Sooooo I was talking to my friend, Mike, about Thanksgiving.
Casually I mentioned I was contemplating tonight’s blog post.
I told him I could either do a post like every other blogger on the planet today…aka what to wear to dinner, what to bring to dinner, happy Thanksgiving dear reader post, OR I could talk about the actual dinner itself.
He told me I had to talk about family dynamic…& his advice was golden. Laugh out loud, weirdest, coolest advice kind of golden.
Mike said, quote on quote:
Family dynamics at Thanksgiving:
HOW TO DEAL WITH THE:
TALKER— they monopolize your time by telling you EVERYTHING they have done since they saw you.

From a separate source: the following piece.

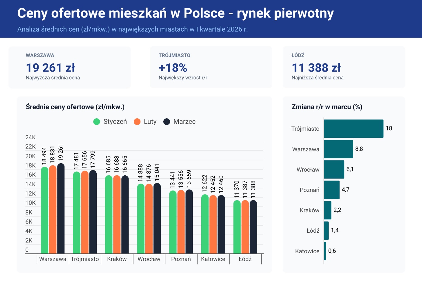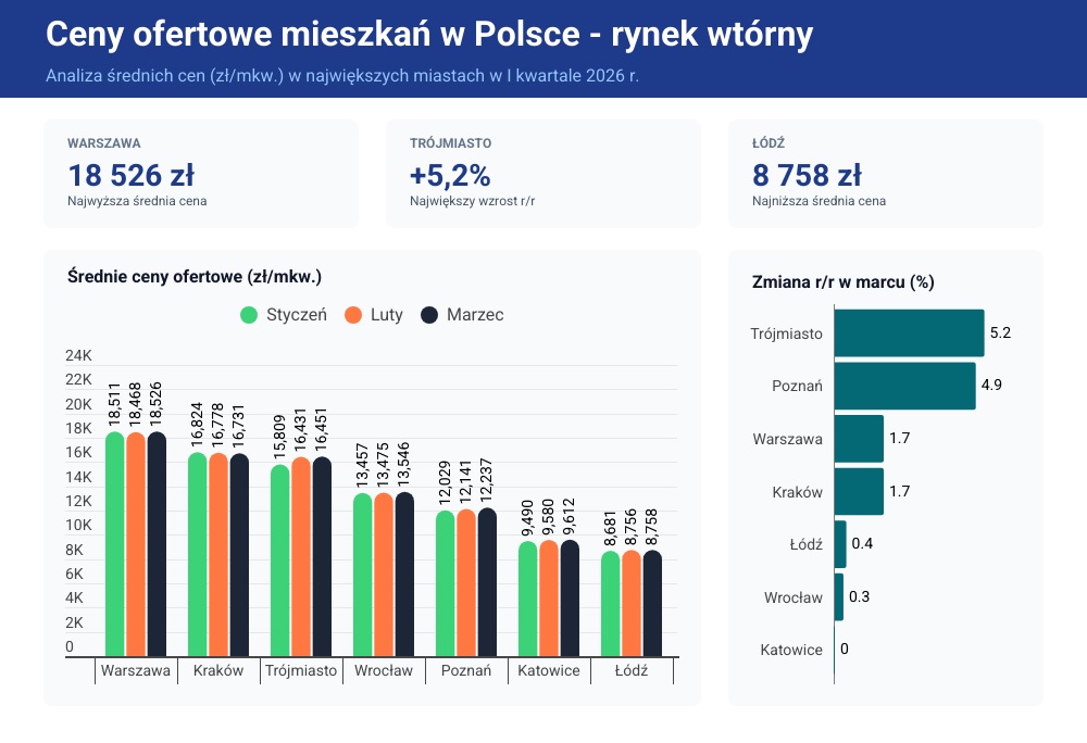 Zestawienie obu rynków pokazuje wyraźne różnice w dynamice cenowej. Według danych Otodom średnie stawki za mieszkania deweloperskie urosły w pierwszym kwartale o 1,6% w porównaniu z poprzednim kwartałem. Z kolei pod względem cen pierwszych trzech miesięcy ubiegłego roku wzrost ten osiągnął pułap 6,4%, co stanowiło wartość niemal dwukrotnie wyższą od bieżącej inflacji. Liderem wzrostów było Trójmiasto, gdzie ceny ofertowe z pierwszej ręki podskoczyły aż o 18% rok do roku.
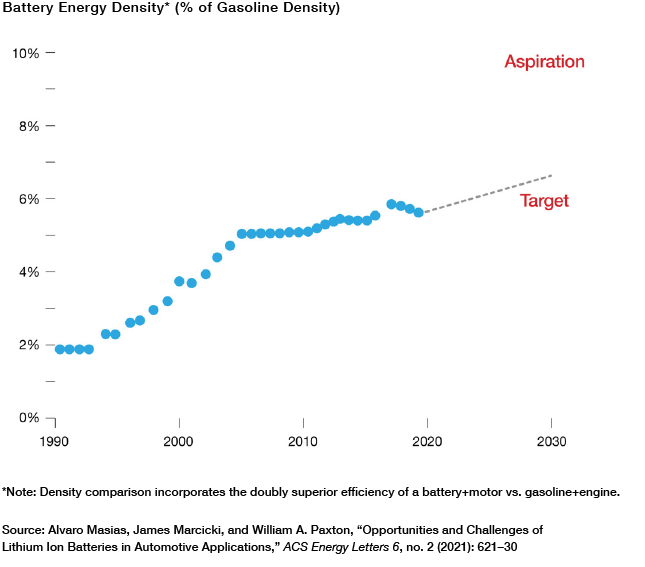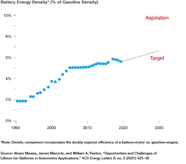 The lithium battery is what made it possible to build useful EVs. Even so, today it still costs at least 50%–70% more to buy an EV instead of a comparable standard car. Purchase price aside, conventional wisdom has it that consumer reluctance to embrace EVs also arises from so-called range anxiety, which, it is argued, is solved with lots of charging stations. Yet most EVs already have a range equivalent to gasoline-powered cars, 200–400 miles. The issue isn’t range; it’s the time it takes to refuel a battery.

HONEY DO-ER, or HEYYY SWEETIE— they turn you into their personal assistant. Soon enough you’ll be dicing onions for stuffing. Fun times when all you want to do is relax.
THE TED-TALKER— they need a microphone to lecture you about what you need to do. From the dangers of too much plastic, over exercising, what lipstick color suits your skin tone, or how you should vote.
( GUYS I AM THE TED-TALKER, PLZ DONT SHOOT ME BECAUSE AFTER A GLASS & A HALF OF CHAMPAGNE I’M FUN ).
Then Mike gave the following advice:
Family dynamics Thanksgiving part 2.
Loving your family who might bug you a little takes a plan of action:
Bring a small gift for as many people as you can.
Go to a health food store & find gifts under $5 like–
+ Aromatherapy scents
+ Natural soap
+ A sample moisturizer
+ Exotic olives
…ANYTHING to bring an instant smile to your encounter. Keep it inexpensive but unique.
Give out your gifts quickly….
& THEN FIND THE QUIETEST PERSON IN THE ROOM.
( They usually are the smartest ).
Get a drink for them, find a quiet corner, & have them tell you about the milestones in their life: college, best job, best vacation….just get them talking!!!
You’ve kept your sanity, & soon it’s time to eat and you’re not overwhelmed or worn out from your very ‘loving’ family!!!!
AKA PASS THE WINE, THX.
Gotta love family dynamic…Mike may have picked this shit up from a book? I don’t know. But it’s funny as hell & fits in real nice on The Skinny Confidential.
Anything else to add to Mike’s list guys? Add away! Lol.